The kubectl describe command retrieves comprehensive, human-readable details about one or more Kubernetes resources. Unlike kubectl get, which provides a summarized, tabular view, describe offers an in-depth breakdown of a resource's current state, configuration, and recent events. It's an indispensable tool for debugging and understanding the health and behavior of components within your Kubernetes cluster.

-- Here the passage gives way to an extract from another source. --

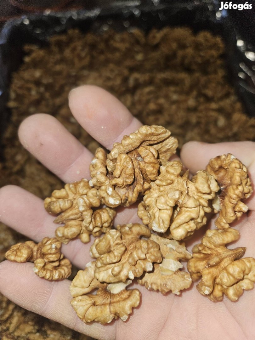 Minőségi étkezési dióbél eladó!Idei,friss törés,csak feles, por és héjmentes!Csomag küldés (posta,gls)megoldható,illetve személyesen is!Kiszerelés:0,5kg-1kg ill.10kg-os M10-es ládás kiszerelésben.Számlaképes vagyok!Kereskedőket is kiszolgálok,nekik ill a 10kg feletti vásárlóknak kedvezményt adok!
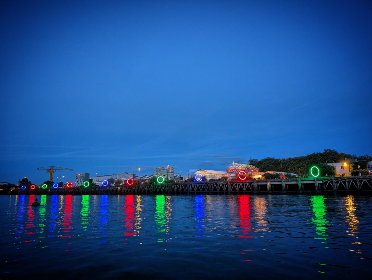En rentrant en navibus, il y avait cette jolie lumière à l’heure bleue, et le reflet des Anneaux des Buren et Bouchain sur la Loire…

For instance, when describing a Pod, it will typically show the Pod's status, IP address, conditions, container details (image, ports, state), volumes, and, most critically, a chronological list of events related to the Pod's lifecycle. This includes scheduling, image pulling, container creation failures, and liveness/readiness probe failures. Similarly, describing a Node provides information about its capacity, allocated resources, conditions, and associated events.

The output is designed for operator analysis and is not suitable for programmatic parsing.

CAVEATS

The output of kubectl describe is intended for human readability and debugging; its format is not stable and should not be parsed programmatically. For structured data, use kubectl get -o json or kubectl get -o yaml. Accessing detailed resource information requires appropriate Kubernetes Role-Based Access Control (RBAC) permissions.

DEBUGGING UTILITY

This command is the first go-to for debugging issues with any Kubernetes resource. The detailed events section is particularly invaluable for diagnosing problems like a pod failing to schedule, an image pull error, or a container crashing repeatedly.

INFORMATION AGGREGATION

Unlike simply viewing the resource's YAML, kubectl describe aggregates information from various components. For a Pod, it combines data from the API server (Pod spec, status), Kubelet (container status, events), and scheduler (scheduling events) into a single, cohesive view.

HISTORY

kubectl describe has been a foundational command within the Kubernetes CLI (kubectl) since its early days. It was designed from the outset to provide deep insights into the state of Kubernetes objects, which is crucial for troubleshooting and understanding cluster behavior. Its functionality has evolved alongside Kubernetes itself, continuously adapting to new resource types and incorporating more detailed status information and event reporting.